Portable Computed Radiography vs. Portable Digital Radiography

The Objective in this case study research proposal is to evaluate briefly the system most suited for the use of evaluation of the catheter positioning in the chest of the patient in the Intensive Therapy Unit (UTI) environment. Traditionally these images are difficult to process. The aim of this study is in making a determination as to whether the images produced through Digital radiography or those produced through Computed radiography is optimal in terms of the best system in order to reduce risk to the patient due to higher radiation doses or incorrect positioning. This process of imaging in relation to the computed radiography is accomplished through use of a portable x-ray generator - an anthropomorphic chest phantom.

Methodology:

Through simulation of the patient through the attachment of various catheters and lines hard copy images are produced for evaluation purposes. Radiologists and Radiographer will be those to evaluate the produced images. Identified as key is to keep any many variables as possible constant. This will be achieved through experimentation at a single location using both the computed radiography plate as well as the Portable Flat-Panel digital detector. The experiment will be inclusive of imaging of the phantom through use of various exposures on each system in the production of hard-copies for assessment and evaluation purposes.

Introduction:

There exists several types of imaging that are used by the Radiology teams at local hospital and healthcare institutions with specific use in imaging processes that target the desired imaging in relation to the disease or symptoms of the individual who is being imaged for diagnosis and possible treatment.

Literature Review:

The Department of nuclear medicine and diagnostic Imaging, at Kyoto University School of Medicine and the physicians named as Tadamura, Kubo, Yamamuro, and Konishi wrote in their work that "Nuclear cardiology has played a significant role in the diagnosis and risk stratification of patients with coronary artery disease. MRI and multidector-row CT (MDCT) has recently been introduced in the filed of clinical cardiology. For the management of patients with suspected coronary artery disease, it is important to understand the advantages and disadvantages of various imaging modalities. Tadamura, Kubo, Yamamuro, & Konishi (1998). The work entitled "Digital Imaging with a Photostimulable Phosphor in the Chest of Newborns" states that when comparing imaging of newborn mediastinum, lung bones, and soft tissues the images ere "significantly better on computed radiographs than on half-exposure computed radiographs and that visualization of the lungs, bones and soft tissues was statically significantly better on screen-film radiographs than half-exposure computed radiographs. Image density was statistically better on computed and half-exposure computed radiographs than on screen-film radiographs." (Cohen, Katz, Kalasinski, White, Smith, & Long)
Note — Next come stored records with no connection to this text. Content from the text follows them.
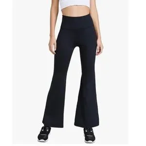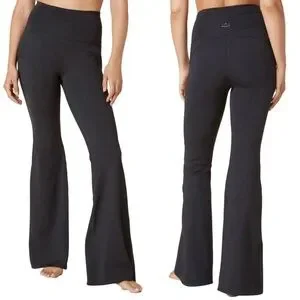 Beyond Yoga Women's Heather Rib All Day Flare Pants in Black Size L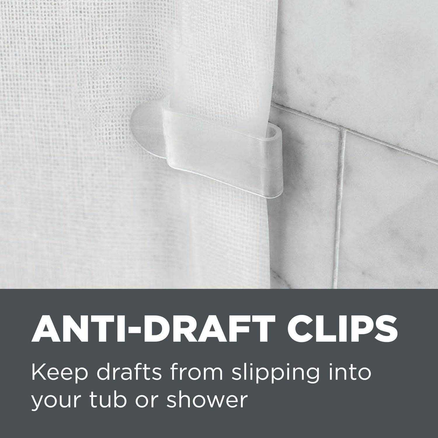 Make your shower feel like new with the attractive and eco-friendly Better Homes & Gardens Recycled Cotton 100% Waterproof Shower Curtain Liner. This soft fabric shower liner is made with 30% post-consumer recycled cotton. Its waterproof polyethylene backing stops water from escaping your shower. This product is treated with an agent to resist mildew. The waterproof shower liner’s weighted hem and two adhesive clips ensure it holds close to the walls of your bathtub. Reinforced buttonhole top construction works with your choice of shower hooks or rings. The white shower liner measures 70 by 72 inches to fit most showers.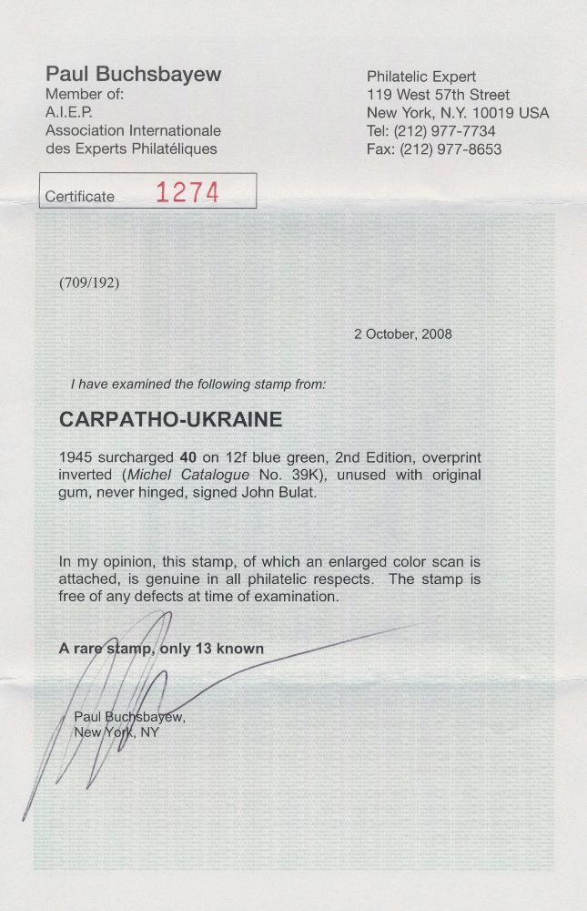 | Prüfer: | Buchsbayew, Paul (AIEP (Association internationale des experts en philatélie)) |
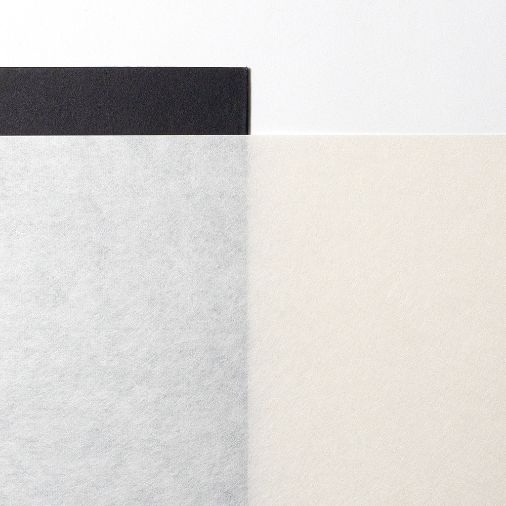 楮は和紙の三大原料の一つで、強い繊維で作業性に大変優れている原料です。強靭で破れにくい性質があり、多様な用途にあった、使い勝手の良い機能的な紙です。他の原料に比べて楮の繊維は太く長く、最も和紙らしい風合いがあります。リトグラフ、銅版画、シルクスクリーン、木版画(水性・油性)に適しています。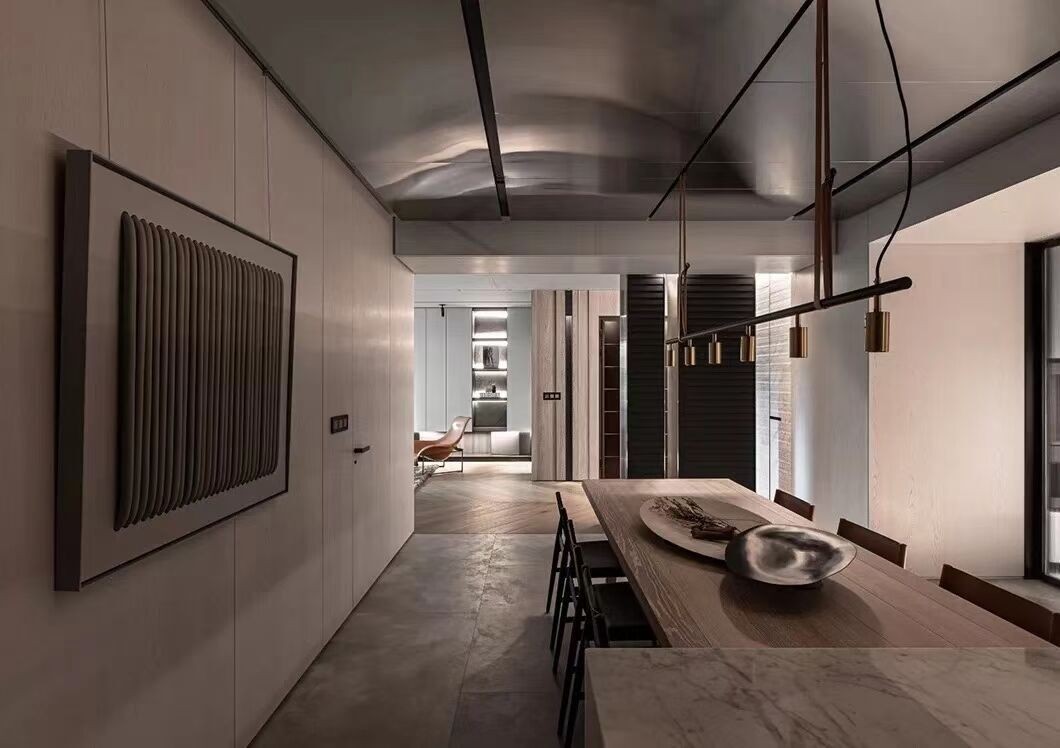 本案例为270平大平层,整体的设计概念中我们希望达到空间的流动感,透过不同型态的墙体脱离架构,让材料能延伸、光线穿透、空间放大的体验。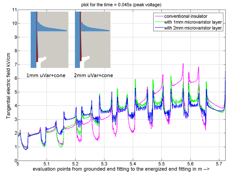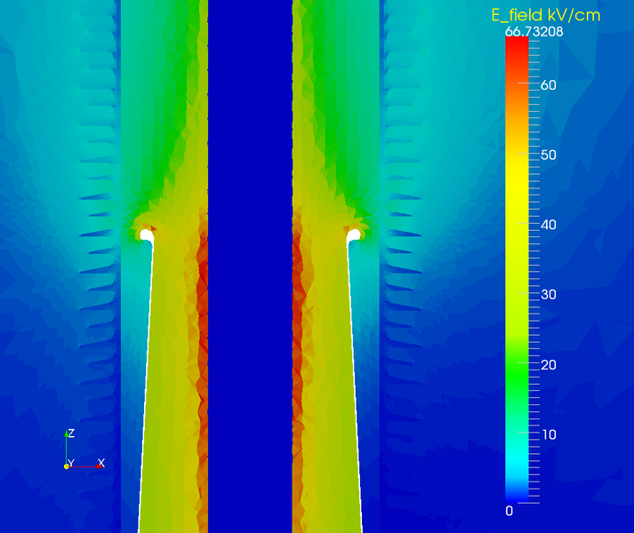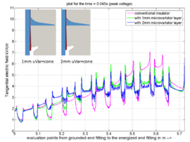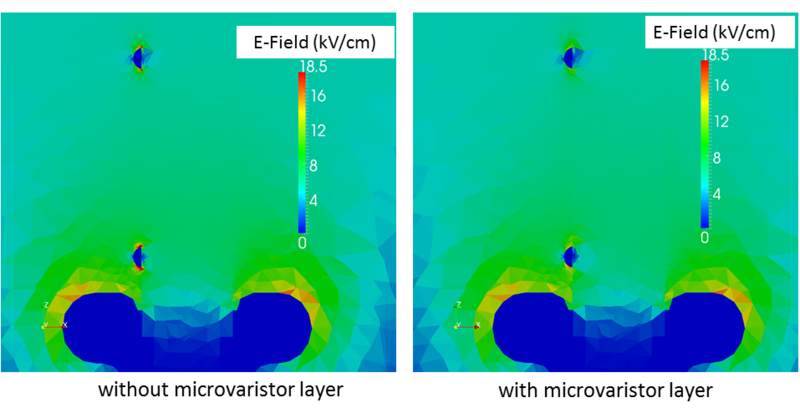 We aided the product development of the Lapp Insulators GmbH with their non linear low frequency high voltage problems, that could not be solved with commercial of the shelf components due to their extremely ill conditioned nature. For this we developed robust and efficient finite element method (FEM) time domain solvers that are able to solve large scale problems featuring nonlinear materials (permittivity and conductivity) and provided numerical analysis for coupled thermo-electrical problems as well.If you have any specific problems, please contact us.

Computed radiography is the use of "conventional radiographic equipment to expose a photostimulable phosphor imaging plate to create a digital image similar in appearance to screen-film radiograph. The potential advantages of computed radiography over screen-film radiography include electronic image distribution, image postprocessings, and reduction of radiation exposure to the patient." Don M.D. et al. (1998).

Findings in the study included the fact that: "Computed radiography was equivalent to screen-film radiography in the detection of pulmonary edema." Further, it was found that: "contrary to concern that noise in computed radiography may be misinterpreted as a disease that there was no tendency for FP responses to account for significant differences between computed radiographs at any exposure and screen-film radiographs."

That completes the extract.